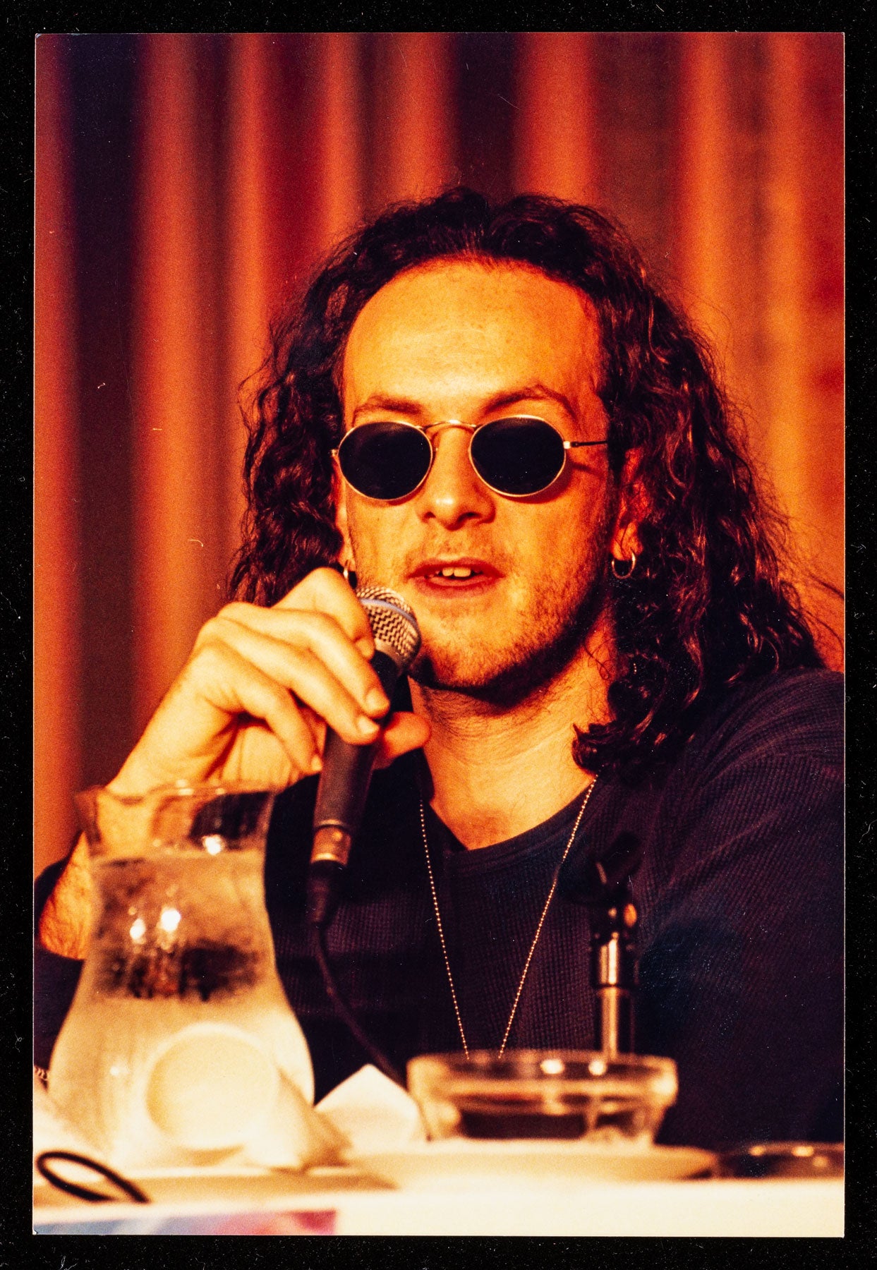 Viv participates in a press conference in support of the band's performance at The Capitol Radio Coca-Cola Music Festival, London, June 1992. Photo: Ross Halfin. From the Collection of Def Leppard.
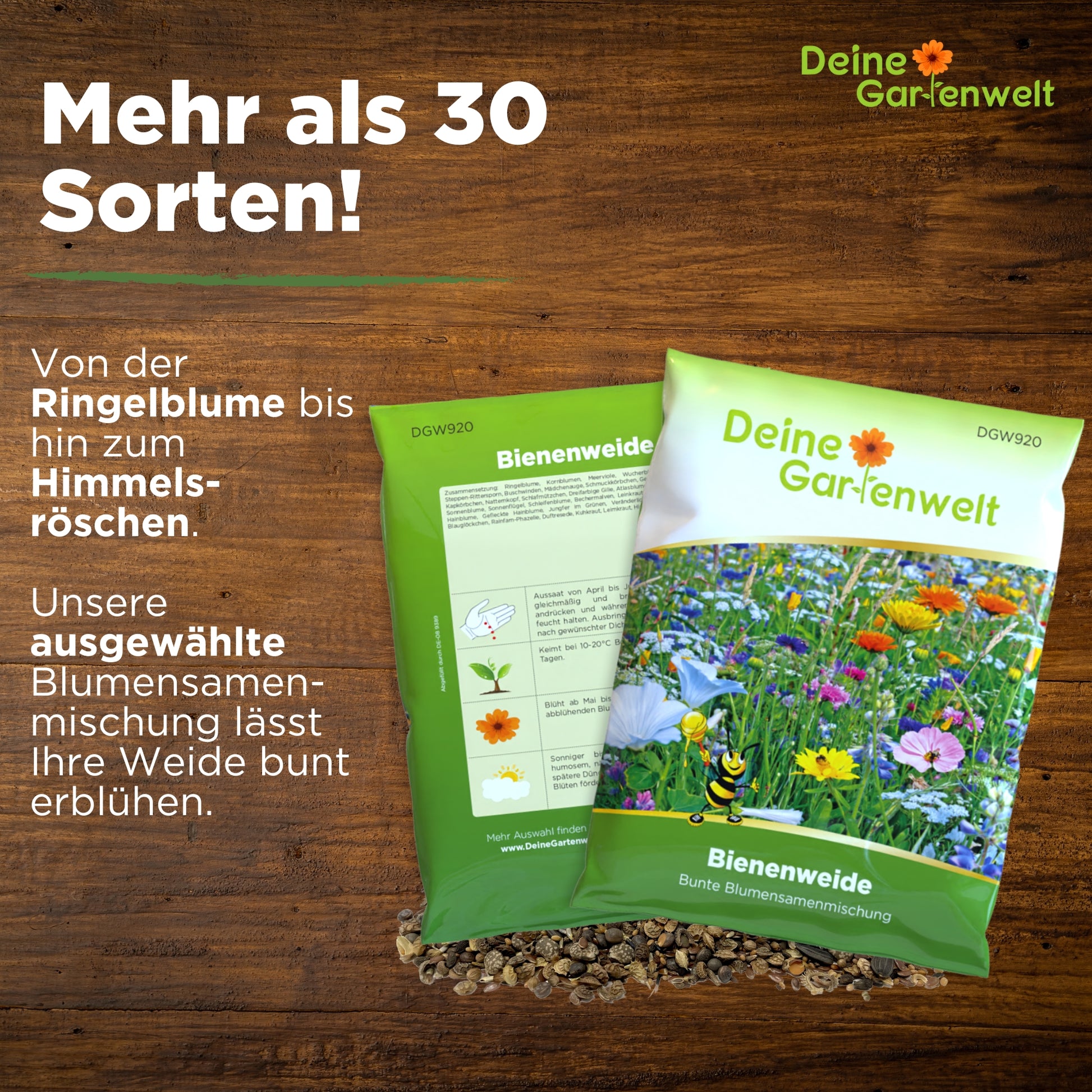 Zusammensetzung: Ringelblume, Kornblumen, Meerviole, Wucherblume, Mandelröschen, Steppen-Rittersporn, Buschwinden, Mädchenauge, Schmuckkörbchen, Gelbes Schmuckkörbchen, Kapkörbchen, Natternkopf, Schlafmützchen, Dreifarbige Gilie, Atlasblume, Sommer-Schleierkraut, Sonnenblume, Sonnenflügel, Schleifenblume, Bechermalven, Leinkraut, Blauer Lein, Roter Lein, Hainblume, Gefleckte Hainblume, Jungfer im Grünen, Veränderlicher Mohn, Klatschmohn, Blauglöckchen, Rainfarn-Phazelie, Duftresede, Kuhkraut, Leimkraut, Himmelsröschen
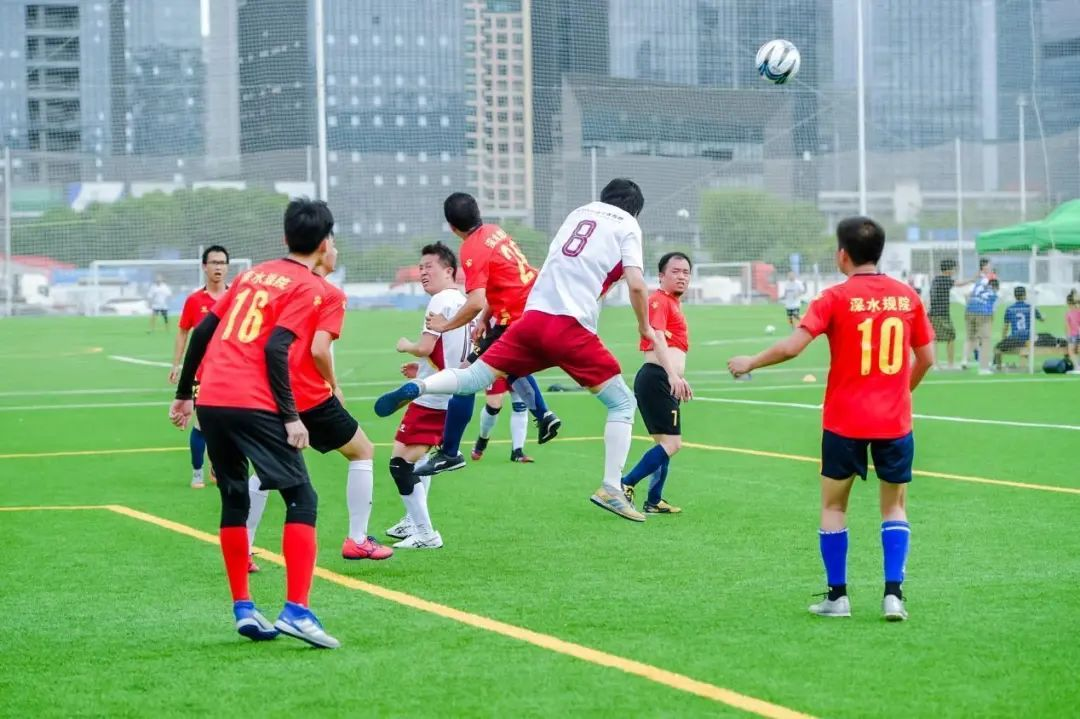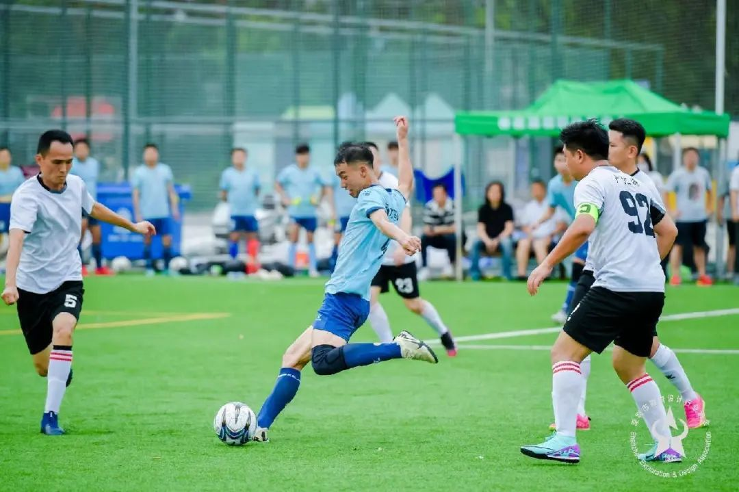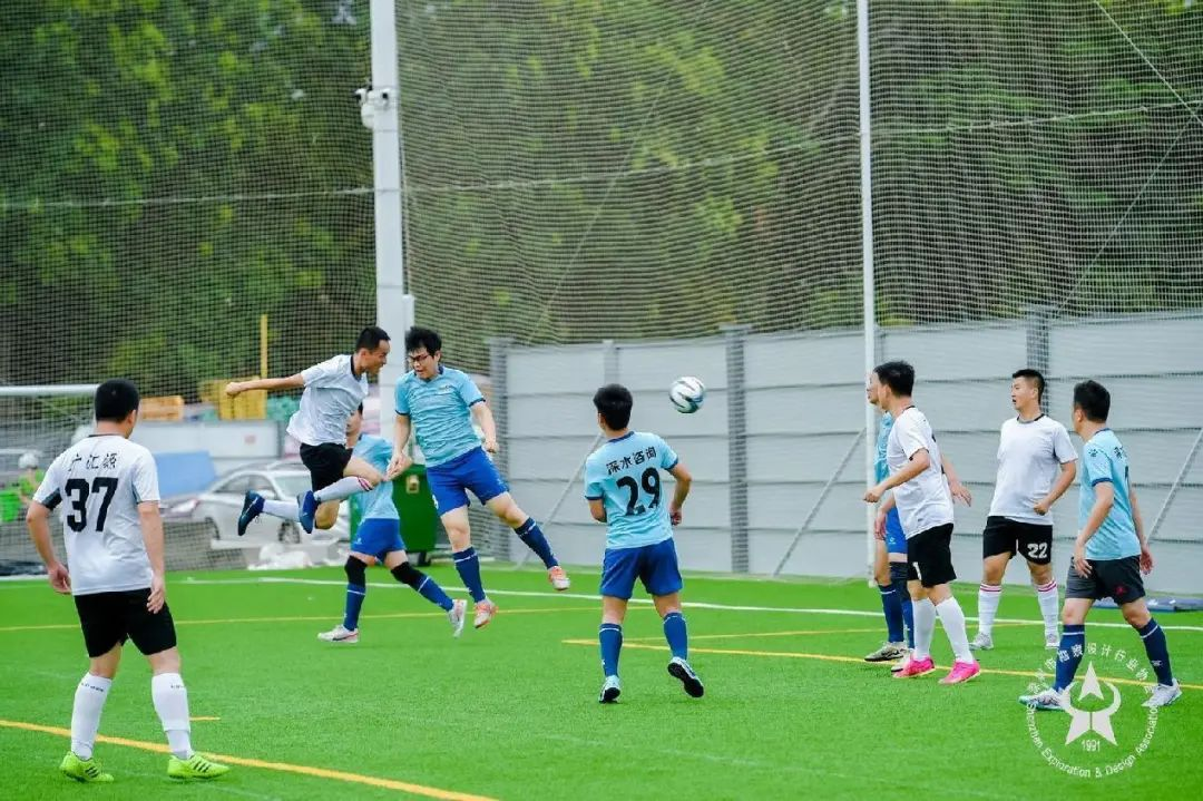 季軍爭奪戰(zhàn)在深水規(guī)院隊(紅色球衣)和華藝設(shè)計隊(白色球衣)之間展開。
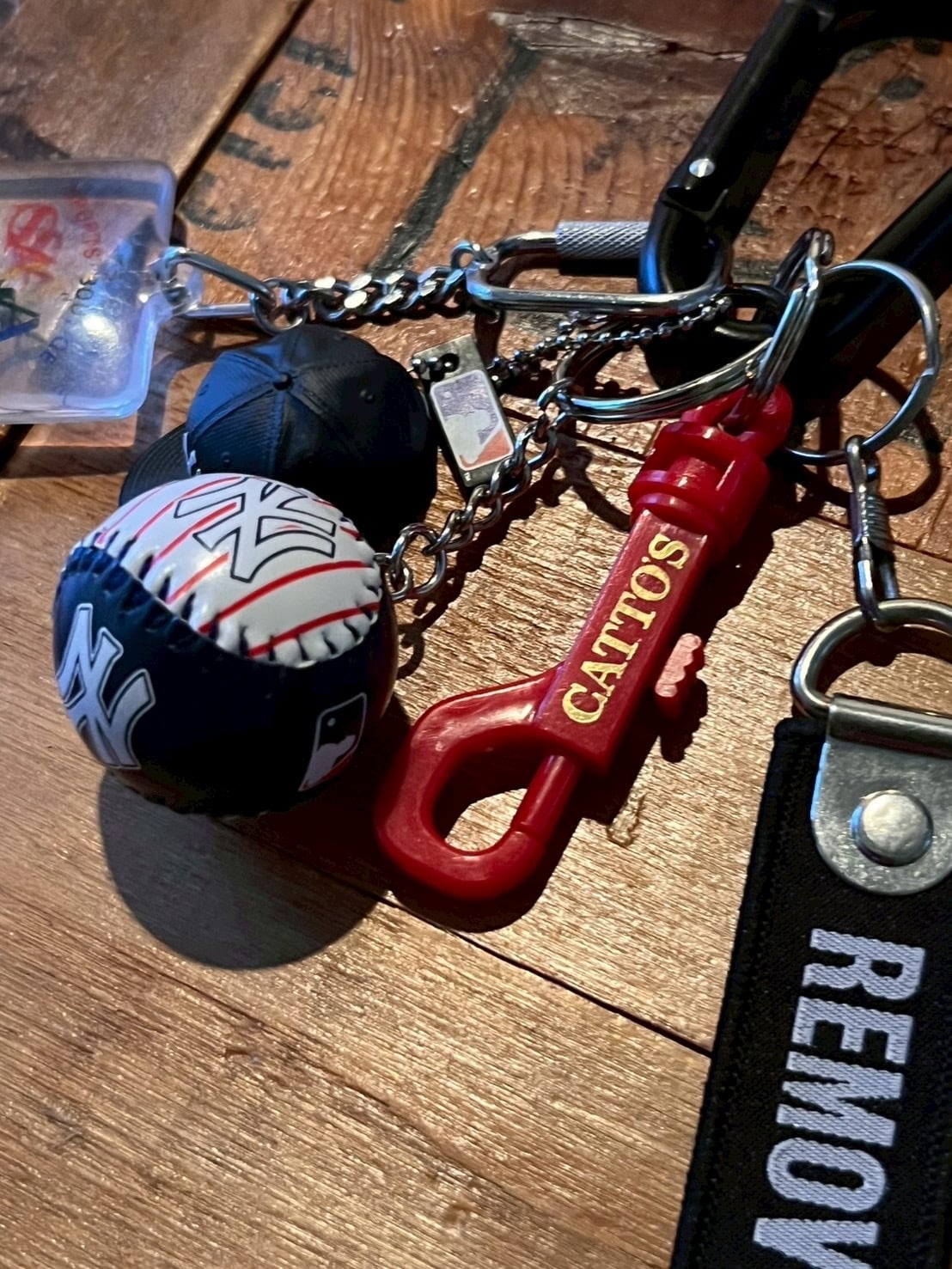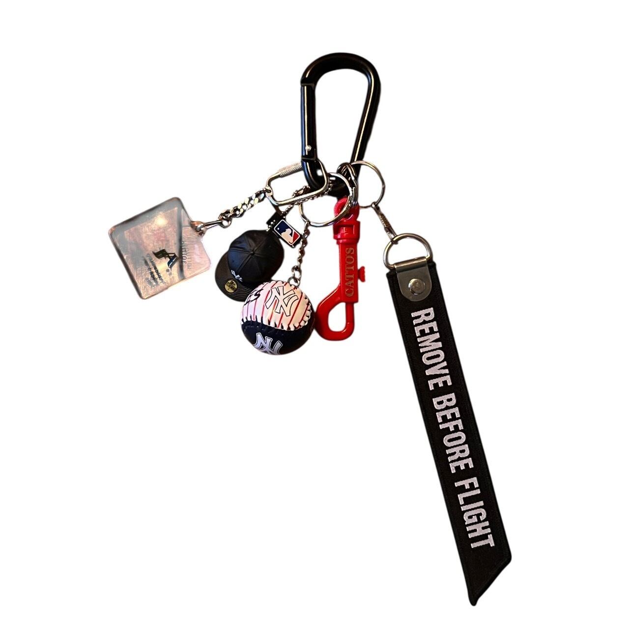 “REMOVE BEFORE FLIGHT”のブラックタグに、New York Yankeesのベースボールチャーム、キャップモチーフ、MLBロゴパーツ、カラビナフックを組み合わせたミックスチャーム。アメリカンベースボールカルチャーを感じさせるモチーフをまとめたデザインです。

> **Exercise details**
Restate the data above word for word. Do not include the images.

> **Task output**
 Viv participates in a press conference in support of the band's performance at The Capitol Radio Coca-Cola Music Festival, London, June 1992. Photo: Ross Halfin. From the Collection of Def Leppard.
 Zusammensetzung: Ringelblume, Kornblumen, Meerviole, Wucherblume, Mandelröschen, Steppen-Rittersporn, Buschwinden, Mädchenauge, Schmuckkörbchen, Gelbes Schmuckkörbchen, Kapkörbchen, Natternkopf, Schlafmützchen, Dreifarbige Gilie, Atlasblume, Sommer-Schleierkraut, Sonnenblume, Sonnenflügel, Schleifenblume, Bechermalven, Leinkraut, Blauer Lein, Roter Lein, Hainblume, Gefleckte Hainblume, Jungfer im Grünen, Veränderlicher Mohn, Klatschmohn, Blauglöckchen, Rainfarn-Phazelie, Duftresede, Kuhkraut, Leimkraut, Himmelsröschen
 季軍爭奪戰(zhàn)在深水規(guī)院隊(紅色球衣)和華藝設(shè)計隊(白色球衣)之間展開。
 “REMOVE BEFORE FLIGHT”のブラックタグに、New York Yankeesのベースボールチャーム、キャップモチーフ、MLBロゴパーツ、カラビナフックを組み合わせたミックスチャーム。アメリカンベースボールカルチャーを感じさせるモチーフをまとめたデザインです。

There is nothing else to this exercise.